Mentre risuonano le ultime note del pianoforte di Bollani, il pubblico in visibilio si lancia in uno scroscio infinito di applausi. Arriva poi il momento dei ringraziamenti, in primis verso Barbara Minghetti, direttrice del MOF, che lo ha fortemente voluto al festival, ma il pianista ha voluto soprattutto ringraziare i tecnici del suono, il suo manager e il suo agente.
Accoglie subito la richiesta di un bis, regalando un assaggio della colonna sonora che ha firmato per Carosello, Carosone, film tv andato in onda su Rai1 sulla vita di Renato Carosone. Una figura che ha significato molto per il suo percorso di musicista, grazie al quale ha imparato a conoscere e amare il blues e il jazz.

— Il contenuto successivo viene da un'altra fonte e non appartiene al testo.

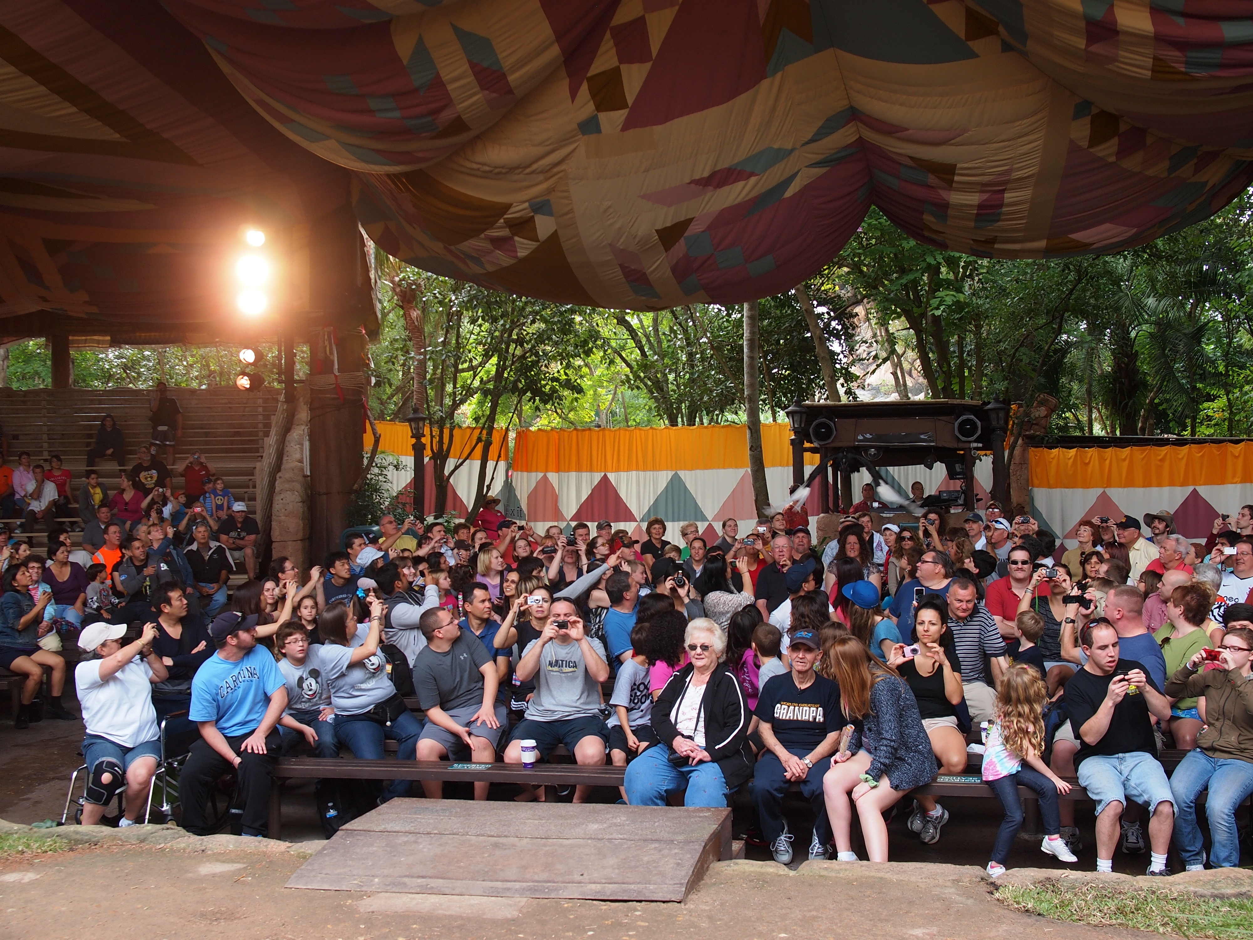 Picture #2: Festival of the Lion King show #2 Small: 1000x773, 137,534 bytes (135K), (html file) Large: 4000x3000, 3,567,065 bytes (3.4M), (html file) Copyright, Michael Meissner 2011, All rights reserved Olympus E-5 camera with Olympus 14-54mm f/2.8-3.5 lens f/3.4, ISO 2500, 1/50 sec, 50.0mm, auto mode, vivid color, center weight metering, IS1 (All Direction Shake IS) 35mm equivalent focal length 100.0mm Programs used: adjusttime, noiseninja, raw therapee Taken by Michael Meissner on December 15, 2011 10:36:50 Last modified on February 14, 2012 at 18:59 |

Gli applausi continuavano a piovere da ogni angolo dell’arena e così Bollani ha regalato un’ultima e divertentissima chicca della serata intitolata Sopra i vetri di Enzo Jannacci (testo di Dario Fo e musiche di Fiorenza Carpi), accennando poi alcune note finali del suo celebre brano Carioca.
Una serata sensazionale che sembrava non voler finire mai: la semplicità della bella musica che prende vita senza alcun bisogno di orpelli scenografici. Un piano solo e un’artista eccelso che, come un folletto, sembra non riuscire a rimanere seduto sullo sgabello del piano animandosi e vivendo ogni nota che suona con il suo piano. Il maestro ha dichiarato: «Ho scelto la forma del pianoforte solo perché la storia d’amore è tra l’opera rock e me» – «E una storia d’amore cresce in bellezza se resta intima».
“Stefano Bollani si è liberamente, ma rispettosamente, avvicinato al capolavoro improvvisando sui motivi originali e sulle canzoni seguendo il suo guizzo giocoso e il suo spirito musicale, formato dalle tante tradizioni musicali, dai tanti generi e incontri che hanno influenzato, forgiato e consolidato quello che è considerato il suo linguaggio musicale”. Bollani è riuscito senz’altro a conquistare il pubblico con la sua bravura tecnica e la sua innata simpatia, rivelandosi ancora una volta un vero e proprio animale da palcoscenico.